Такие представления противоречат здравому смыслу (если, конечно, имеется в виду здравый смысл представителя классической науки).
Но физики, по крайней мере, те, кто придерживается стандартной интерпретации квантовой механики, убеждены, что эта картина верна, что сколь бы странной она ни была, в ней зафиксировано, пусть относительно истинное, знание о микрореальности. Экспериментальное подтверждение нарушения известных неравенств Белла явилось, как утверждают физики, очень сильным аргументом в пользу того, что стандартная интерпретация квантовой механики адекватна действительности.Так что в плане объективности — в смысле адекватности знания действительности — каноны рациональности не изменились. Изменились критерии, связанные с объектностью описания. В настоящее время после довольно длительного затишья на физиков и философов науки обрушилась лавина новых интерпретаций, стремящихся преодолеть не-объ- ектный (в известном смысле субъектный) характер квантовой теории и разрешить ее парадоксы.
Присуще ли ученым стремление к объектности в той же мере, что и стремление к истинности, покажет время. Но то, что это две различные стратегии познавательной деятельности и две различные характеристики научного знания, уже очевидно. Поиск истины по-прежнему рассматривается учеными как основная цель научного исследования, в то время как достижение объектности описания многим исследователям уже не кажется столь необходимым. Ведь многие из них уже приняли стандартную интерпретацию, «смирившись» с ее не-объектным характером. Возможно, что стремление к объектности теоретического описания является не таким глубинным свойством психологии ученых, как жажда истины. Вполне может оказаться, что идеал объектности описания никогда не будет реализован в квантовой механике и не-объектная (стандартная) интерпретация этой теории будет признана окончательно верной.
Насколько универсально проведенное различение двух аспектов объективности?
Квантовая механика является универсальной теорией, она приложима ко всем явлениям действительности. Для объектов, масштабы которых много больше планковских, т.е.

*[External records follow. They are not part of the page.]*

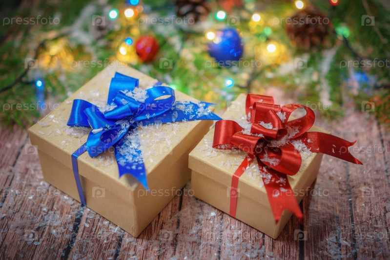 Коробки с подарками на фоне еловых веток, шишек и гирлянд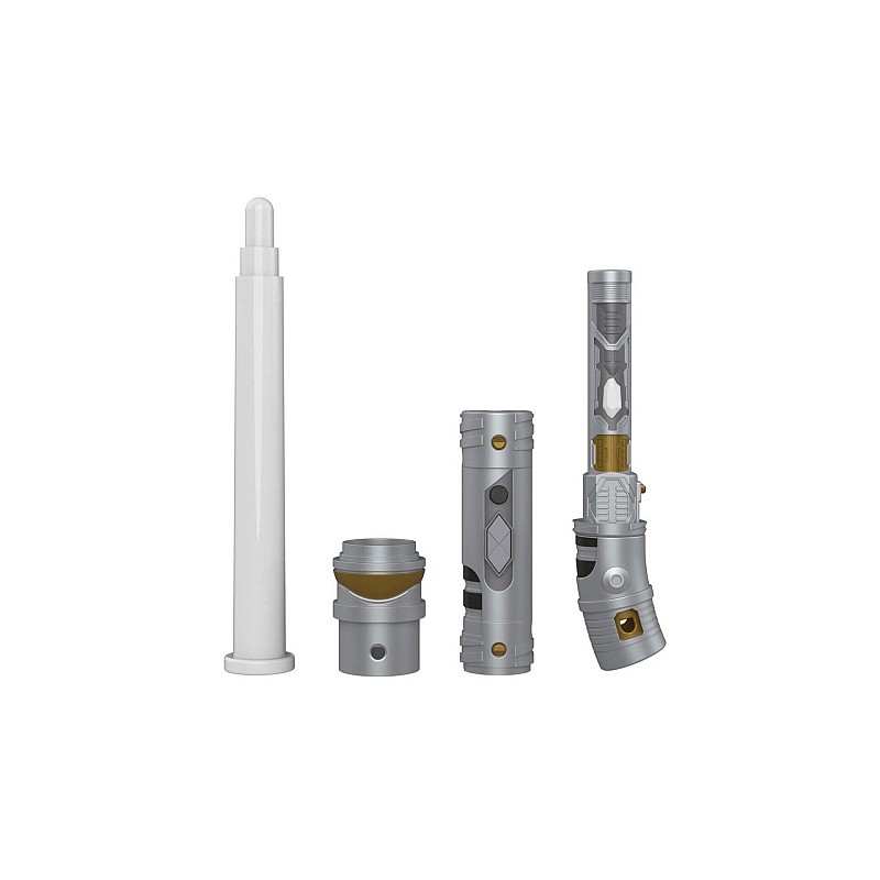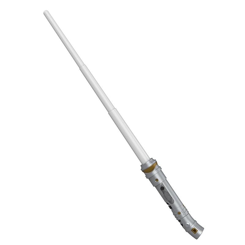 Acesta sabie laser pentru copii are un design inspirat de personaj, o lamă albă extensibilă și luminoasă care se deschide și efecte sonore electronice inspirate de divertisment.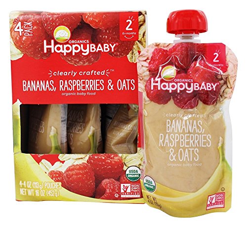 -. Title : HappyFamily - HappyBaby Organic Clearly Crafted Stage 2 Baby Food 6+ Months Bananas, Raspberries & Oats - 4 Pouches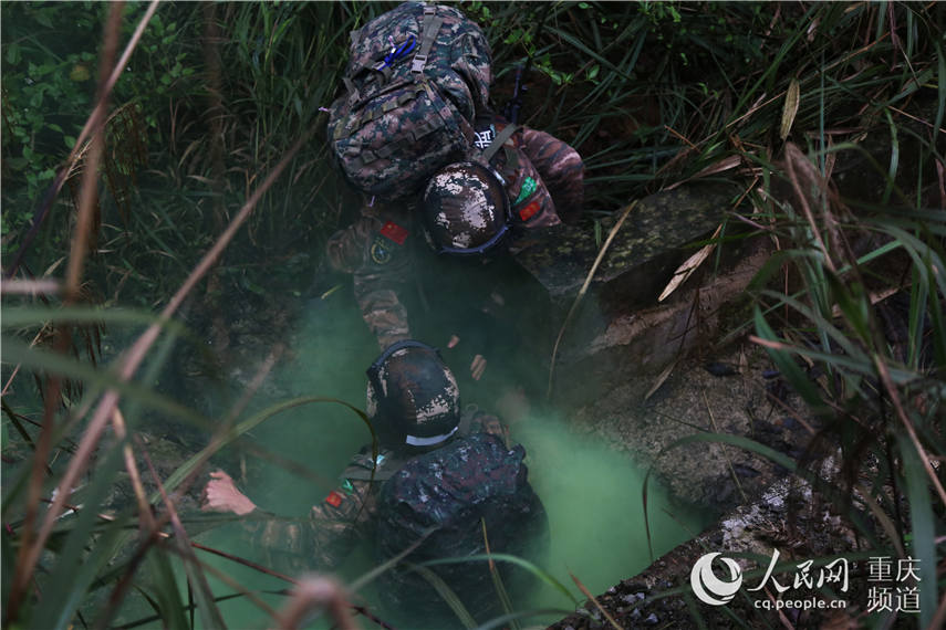 人民网重庆3月29日电 极限,什么是极限?近日,武警重庆总队2019年一季度魔鬼周极限训练在暴雨中拉开战幕,来自该总队执勤第一支队、执勤第三支队的百余名特战队员被拉到丛林深处陌生地域展开为期七天的“魔鬼周”极限训练,一场超越极限的魔鬼式训练在山城重庆火热展开。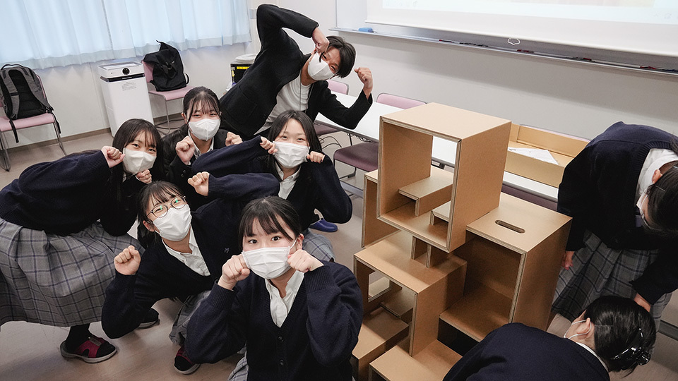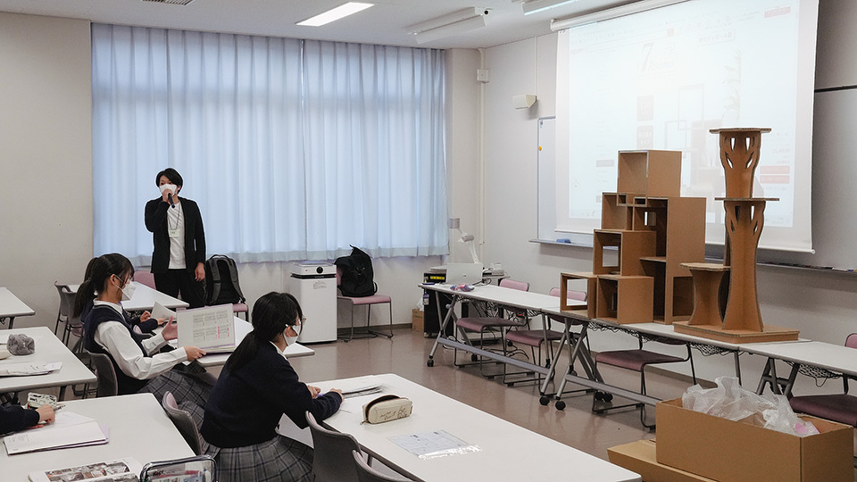 10月31日には同社の営業担当の方が来校し、事業や商品に関してお話ししてくださいました。フルオーダーやセミオーダー、インテリア用品やワークブースボックスなど一般向けに自社開発した「オリジナル」といった商品展開について説明。当日は学校へ段ボール素材のキャットタワーをご持参いただき、生徒たちは組み立て体験をしました。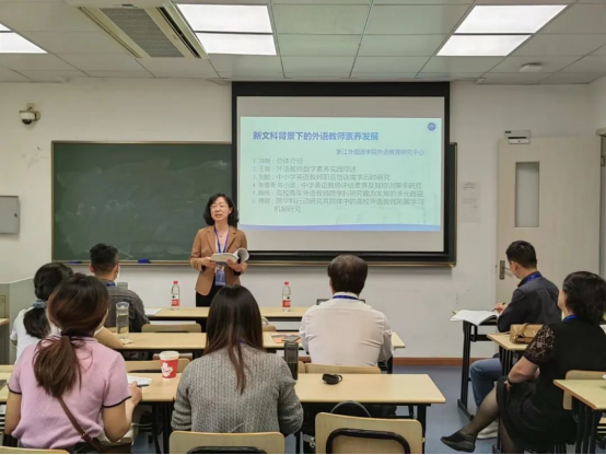 外语教育研究中心成员首次以团队展示的形式参会,围绕“新文科背景下的外语教师素养发展”议题,报告了聚焦语言教师数字素养、培训需求、评价素养、跨学科研究能力和拓展学习的最新研究成果,并得到与会教师的好评。应用外语学院刘懿还主持了聚焦“身份认同与外语教师发展”的研究生论坛。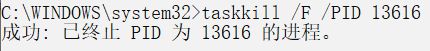 2、然后执行taskkill /F /PID 13616即可杀死该进程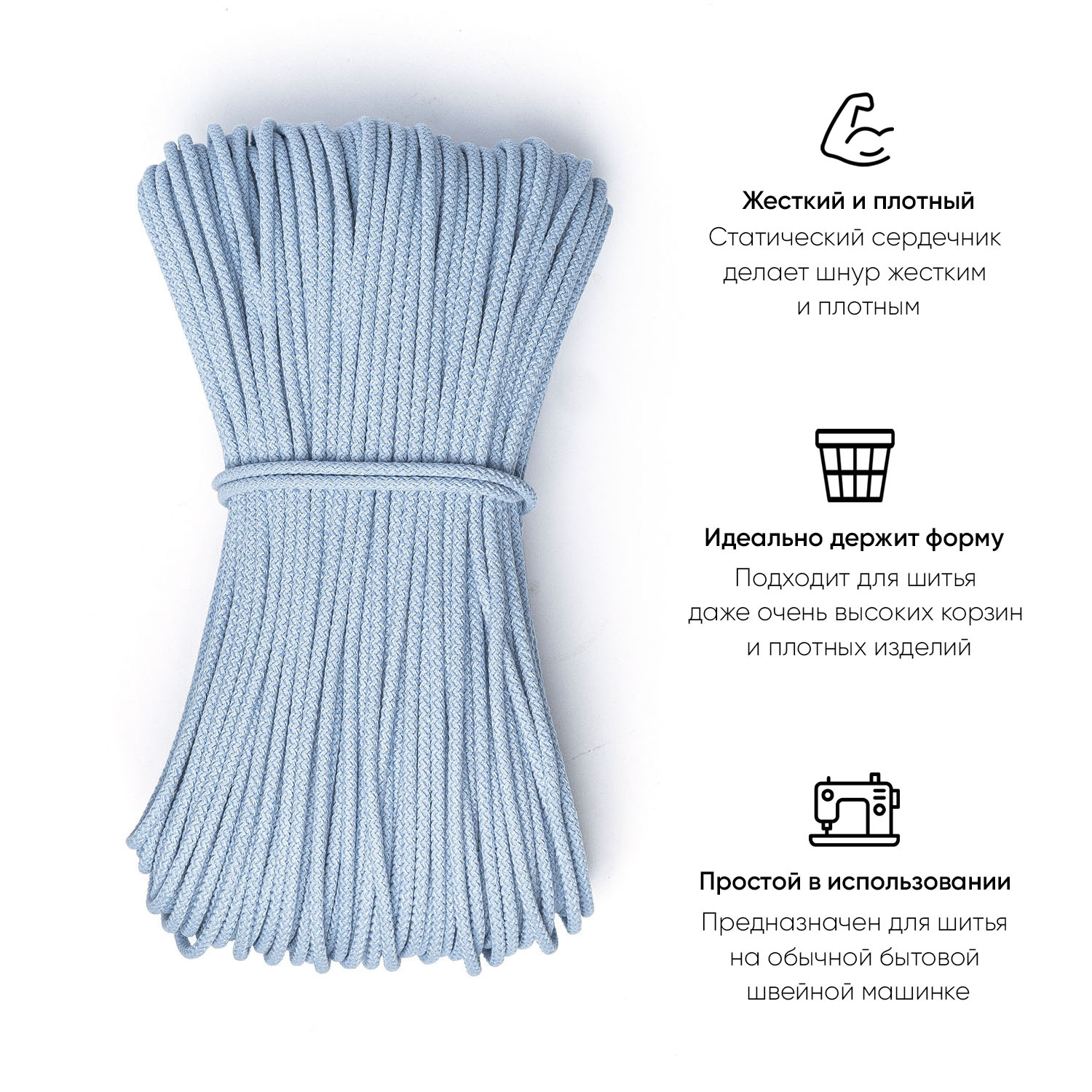 Прекрасный шнур нежнейшего голубого цвета. Качество отменное - плотный, жесткий, однородный, сердечник не выглядывает. Шить легко, изделия отлично держат форму, их очень приятно держать в руках.

для объектов макромира, квантовыми эффектами можно просто пренебречь и использовать здесь уравнения классической механики. Но это не значит, что квантовая теория не приложима к уровню макромира! В этой связи есть определенный резон в том, чтобы утверждать: сформулированный выше вывод о том, что квантовая меха- ника (согласно стандартной ее интерпретации) не дает объектного описания (но при этом дает объективное, относительно истинное описание реальности), является справедливым не только для неклассического, но и для классического, и постнеклассического естествознания.Однако проблема не сводится к простому обобщению и переносу особенностей квантовой механики на все естествознание. Она значительно глубже. Следует учесть, что копенгагенская интерпретация хорошо «укладывается» в кантовскую теорию познания, которая во многих, а возможно и основных, своих чертах является наиболее адекватной процессу познавательной деятельности человека. Согласно этой гносеологии, познающий субъект имеет дело не с ноуменом, не с «вещью в себе», а с феноменом, который является продуктом синтеза априорных категорий рассудка и тем материалом ощущений, которые он получает от «вещи в себе». Но ведь и в квантовой теории, согласно стандартной (копенгагенской) ее интерпретации, исследователь имеет дело только с феноменами, с явлениями, а не с самими микрообъектами. Эти феномены возникают как результат оформления того неопределенного нечто, что продуцируется микрообъектом и существует до измерения, самим актом его взаимодействия с прибором в процессе измерения. (Кстати, это «нечто» очень напоминает кантовский трансцендентальный объект, который Кант определяет как то, что «лежит в основе внешних явлений», как «неизвестную нам основу явлений»[60].)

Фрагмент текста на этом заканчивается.